This Term Sheet has been produced for discussion and settlement purposes only
and is not an offer with respect to any securities or a solicitation of
acceptances of the Plan.

                               CERTAIN DEFINITIONS

            "AREC" means Amerco Real Estate Company.

            "Effective Date" means the date the Plan becomes effective in
accordance with its terms and conditions.

            "Term Loan A Notes" means the notes to be issued by the Debtors, as
reorganized, jointly and severally, on the Effective Date of the Plan, in the
aggregate face amount not to exceed $350,000,000.

            "Term Loan B Notes" means the notes to be issued by the Debtors, as
reorganized, jointly and severally, on the Effective Date of the Plan, in the
aggregate face amount not to exceed $200,000,000.

            "Debtor or Debtors" means, collectively, AMERCO, AREC and any other
affiliates or subsidiaries of AMERCO or AREC that file voluntary petitions for
relief under Chapter 11 of the Bankruptcy Code, other than PAC Fourteen, Inc.
and PAC Fifteen, Inc.

            "New Notes" means, collectively, the Term Loan A Notes and the Term
Loan B Notes.

            "Noteholders" means the holders of the Notes.
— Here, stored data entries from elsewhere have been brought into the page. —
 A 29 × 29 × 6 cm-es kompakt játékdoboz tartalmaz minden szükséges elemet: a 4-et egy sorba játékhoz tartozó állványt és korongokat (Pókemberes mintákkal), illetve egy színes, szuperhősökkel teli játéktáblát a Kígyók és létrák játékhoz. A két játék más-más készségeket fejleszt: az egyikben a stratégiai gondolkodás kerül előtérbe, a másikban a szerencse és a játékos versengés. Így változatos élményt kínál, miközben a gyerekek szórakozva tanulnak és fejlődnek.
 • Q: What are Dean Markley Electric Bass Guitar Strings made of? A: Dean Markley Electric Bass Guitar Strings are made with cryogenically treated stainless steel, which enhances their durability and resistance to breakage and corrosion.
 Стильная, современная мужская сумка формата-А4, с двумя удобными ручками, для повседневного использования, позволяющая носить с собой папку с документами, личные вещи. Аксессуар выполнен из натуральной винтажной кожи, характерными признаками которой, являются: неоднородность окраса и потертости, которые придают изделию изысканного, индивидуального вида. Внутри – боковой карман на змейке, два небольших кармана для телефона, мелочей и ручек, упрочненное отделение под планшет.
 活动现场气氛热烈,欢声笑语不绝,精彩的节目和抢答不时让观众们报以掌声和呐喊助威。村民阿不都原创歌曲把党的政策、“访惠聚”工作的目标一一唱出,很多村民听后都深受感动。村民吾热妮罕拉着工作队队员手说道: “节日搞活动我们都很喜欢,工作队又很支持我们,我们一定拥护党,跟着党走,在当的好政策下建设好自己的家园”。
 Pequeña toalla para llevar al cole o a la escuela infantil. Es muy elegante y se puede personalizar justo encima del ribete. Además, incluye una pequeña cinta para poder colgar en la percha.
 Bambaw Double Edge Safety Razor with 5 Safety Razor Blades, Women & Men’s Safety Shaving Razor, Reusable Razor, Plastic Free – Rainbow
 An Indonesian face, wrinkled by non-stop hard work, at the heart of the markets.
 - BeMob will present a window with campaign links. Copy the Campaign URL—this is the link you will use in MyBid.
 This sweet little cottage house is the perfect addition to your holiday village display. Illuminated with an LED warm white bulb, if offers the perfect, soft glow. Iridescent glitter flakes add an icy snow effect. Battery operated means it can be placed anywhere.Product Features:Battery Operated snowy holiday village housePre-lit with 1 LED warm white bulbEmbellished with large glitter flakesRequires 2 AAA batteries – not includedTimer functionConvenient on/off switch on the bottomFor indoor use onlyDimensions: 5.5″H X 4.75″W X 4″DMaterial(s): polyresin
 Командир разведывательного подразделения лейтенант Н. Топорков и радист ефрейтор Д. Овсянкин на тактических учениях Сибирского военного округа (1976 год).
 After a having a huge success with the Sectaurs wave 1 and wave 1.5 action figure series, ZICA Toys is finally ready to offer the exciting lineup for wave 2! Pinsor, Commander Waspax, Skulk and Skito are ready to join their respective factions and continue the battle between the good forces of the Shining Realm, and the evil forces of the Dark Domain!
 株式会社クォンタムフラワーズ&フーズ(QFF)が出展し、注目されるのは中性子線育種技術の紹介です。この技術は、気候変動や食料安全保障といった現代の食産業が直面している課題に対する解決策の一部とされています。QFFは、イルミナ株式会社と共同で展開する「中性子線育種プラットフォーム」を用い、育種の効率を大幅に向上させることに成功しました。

      CAPITALIZED TERMS USED HEREIN AND NOT OTHERWISE DEFINED SHALL HAVE THE
RESPECTIVE MEANINGS ASCRIBED TO THEM IN THE AMERCO-REVOLVER LENDERS
RESTRUCTURING AGREEMENT BY AND AMONG AMERCO, THE ADMINISTRATIVE AGENT AND THE
REVOLVER LENDERS SIGNATORY THERETO (THE "RESTRUCTURING AGREEMENT").

                                      A-1
<PAGE>
                          TREATMENT OF REVOLVER LENDERS

CLASSIFICATION:             The Plan will place the claims of the Revolver
                            Lenders under the Credit Agreement in a single class
                            or subclass, and such class or subclass will be
                            impaired and entitled to vote on the Plan.

CASH DISTRIBUTIONS FROM     Upon execution of the Restructuring
DIP FACILITY:               Agreement, the Revolver Lenders will receive
                            a cash distribution of $51,250,000 (25% of
                            the principal amount of the Existing Loans).

CASH DISTRIBUTIONS ON       On the Effective Date of the Plan, the
EFFECTIVE DATE:             Revolver Lenders will receive an additional
                            cash distribution of $71,750,000 (35% of the
                            principal amount of the Existing Loans), plus
                            additional cash in the amount of any and all accrued
                            but unpaid interest on the Existing Loans up to the
                            Effective Date, payable at the non-default rate.

NEW NOTES:                  $48,400,000 (23.6% of the principal amount
                            of the Existing Loans) exchanged for and
                            satisfied with Term Loan A Notes under the
                            Emergence Facility in the amount (net after
                            any discount) of $48,400,000, subject to the
                            Syndication Terms set forth in this Term
                            Sheet.

                            $33,600,000 (16.4% of the principal amount of the
                            Existing Loans) exchanged for and satisfied with
                            Term Loan B Notes under the Emergence Facility
                            having an aggregate Market Value (as defined below)
                            of $33,600,000, subject to the Syndication Terms set
                            forth in this Term Sheet.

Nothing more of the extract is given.